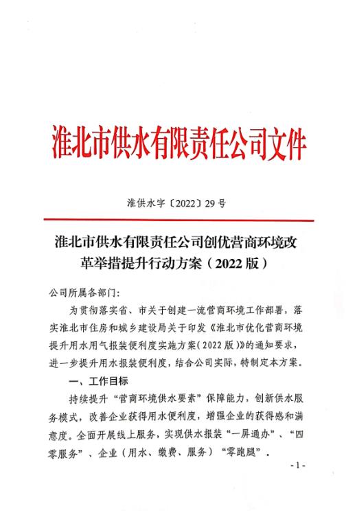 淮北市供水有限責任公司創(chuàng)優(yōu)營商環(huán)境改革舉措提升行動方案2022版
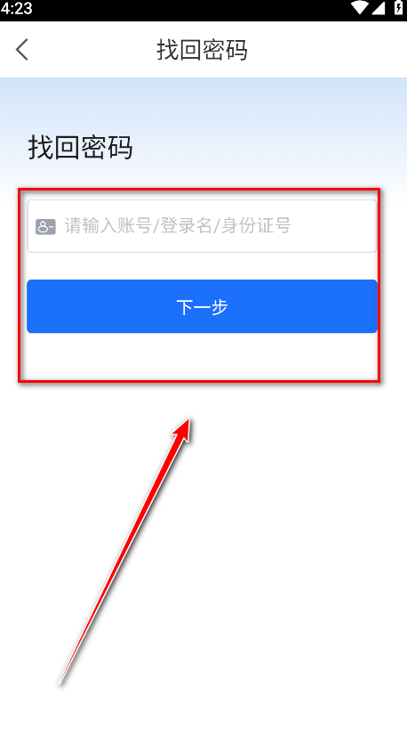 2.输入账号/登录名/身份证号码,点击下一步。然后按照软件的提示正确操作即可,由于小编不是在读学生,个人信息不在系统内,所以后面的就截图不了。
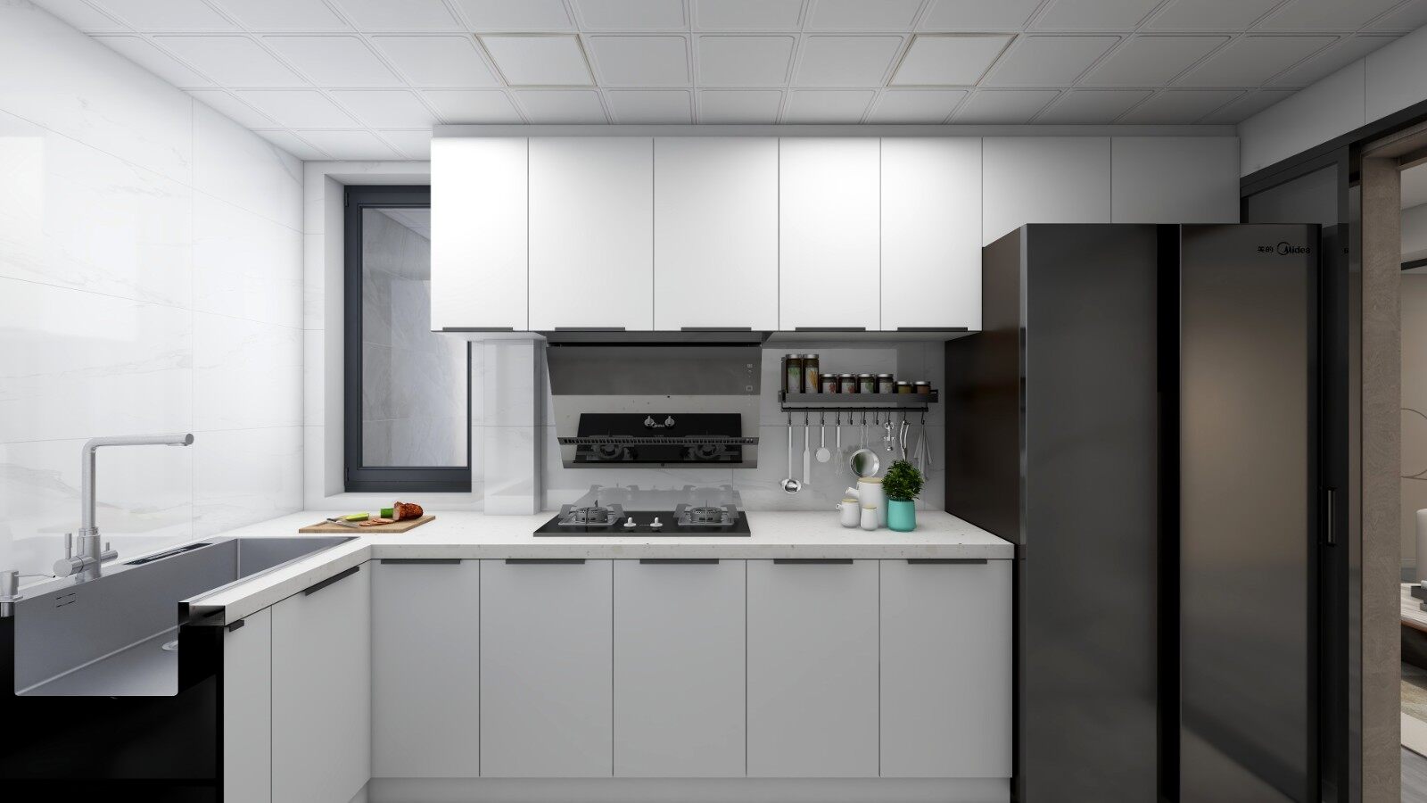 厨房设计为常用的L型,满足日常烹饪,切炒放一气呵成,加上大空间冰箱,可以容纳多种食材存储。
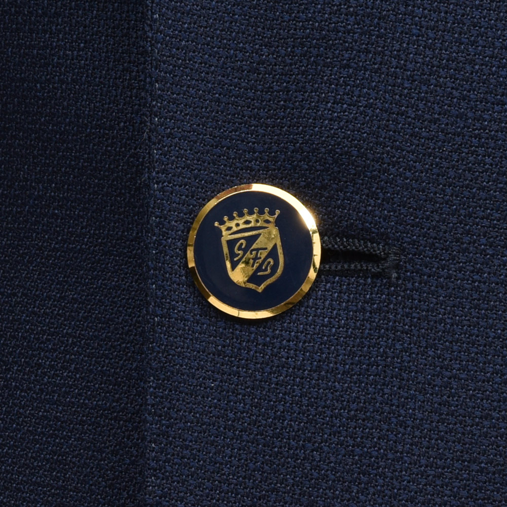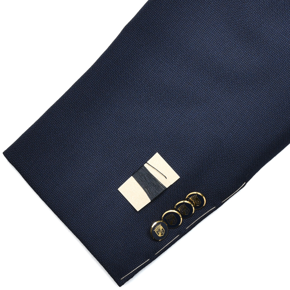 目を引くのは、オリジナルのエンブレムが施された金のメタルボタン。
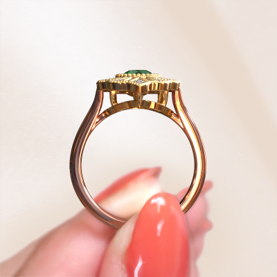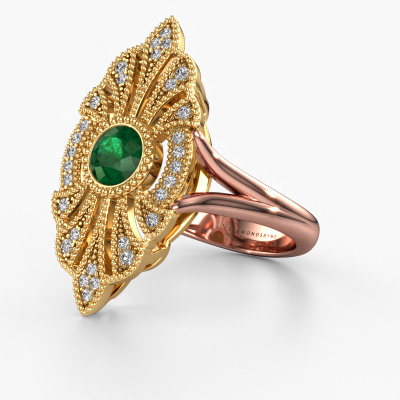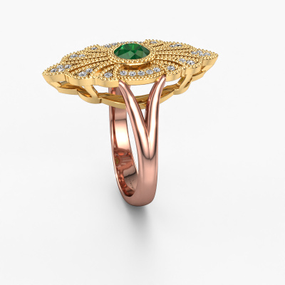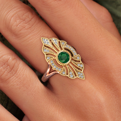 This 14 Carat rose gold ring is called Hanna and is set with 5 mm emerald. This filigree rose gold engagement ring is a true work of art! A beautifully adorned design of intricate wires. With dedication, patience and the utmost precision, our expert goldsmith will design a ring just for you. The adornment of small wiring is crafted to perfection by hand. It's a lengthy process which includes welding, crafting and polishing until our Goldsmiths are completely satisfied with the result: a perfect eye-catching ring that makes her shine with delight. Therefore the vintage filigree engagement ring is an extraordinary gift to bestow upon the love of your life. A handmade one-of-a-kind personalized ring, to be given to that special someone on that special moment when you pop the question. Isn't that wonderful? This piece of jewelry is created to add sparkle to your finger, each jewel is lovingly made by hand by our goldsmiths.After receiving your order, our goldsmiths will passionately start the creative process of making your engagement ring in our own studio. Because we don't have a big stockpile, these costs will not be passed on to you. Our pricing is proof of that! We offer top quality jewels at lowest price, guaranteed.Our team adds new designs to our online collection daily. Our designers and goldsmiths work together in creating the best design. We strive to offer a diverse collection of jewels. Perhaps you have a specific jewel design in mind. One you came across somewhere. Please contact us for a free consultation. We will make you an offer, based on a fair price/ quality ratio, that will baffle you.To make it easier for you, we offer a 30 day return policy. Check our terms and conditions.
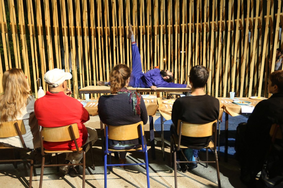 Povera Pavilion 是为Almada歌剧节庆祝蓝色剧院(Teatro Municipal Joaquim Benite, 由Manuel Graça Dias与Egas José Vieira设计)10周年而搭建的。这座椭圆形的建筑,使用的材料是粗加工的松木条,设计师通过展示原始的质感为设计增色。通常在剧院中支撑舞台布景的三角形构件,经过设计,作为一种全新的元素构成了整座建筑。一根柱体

----------

- Exercise brief -
A picture must not appear in the copy. Transcribe exactly the lines from the one with "目を引くのは、オリジナルのエンブレムが施された金のメタルボタン。" through the final line of the entries, both included, and no more.

- Your response -
 目を引くのは、オリジナルのエンブレムが施された金のメタルボタン。
 This 14 Carat rose gold ring is called Hanna and is set with 5 mm emerald. This filigree rose gold engagement ring is a true work of art! A beautifully adorned design of intricate wires. With dedication, patience and the utmost precision, our expert goldsmith will design a ring just for you. The adornment of small wiring is crafted to perfection by hand. It's a lengthy process which includes welding, crafting and polishing until our Goldsmiths are completely satisfied with the result: a perfect eye-catching ring that makes her shine with delight. Therefore the vintage filigree engagement ring is an extraordinary gift to bestow upon the love of your life. A handmade one-of-a-kind personalized ring, to be given to that special someone on that special moment when you pop the question. Isn't that wonderful? This piece of jewelry is created to add sparkle to your finger, each jewel is lovingly made by hand by our goldsmiths.After receiving your order, our goldsmiths will passionately start the creative process of making your engagement ring in our own studio. Because we don't have a big stockpile, these costs will not be passed on to you. Our pricing is proof of that! We offer top quality jewels at lowest price, guaranteed.Our team adds new designs to our online collection daily. Our designers and goldsmiths work together in creating the best design. We strive to offer a diverse collection of jewels. Perhaps you have a specific jewel design in mind. One you came across somewhere. Please contact us for a free consultation. We will make you an offer, based on a fair price/ quality ratio, that will baffle you.To make it easier for you, we offer a 30 day return policy. Check our terms and conditions.
 Povera Pavilion 是为Almada歌剧节庆祝蓝色剧院(Teatro Municipal Joaquim Benite, 由Manuel Graça Dias与Egas José Vieira设计)10周年而搭建的。这座椭圆形的建筑,使用的材料是粗加工的松木条,设计师通过展示原始的质感为设计增色。通常在剧院中支撑舞台布景的三角形构件,经过设计,作为一种全新的元素构成了整座建筑。一根柱体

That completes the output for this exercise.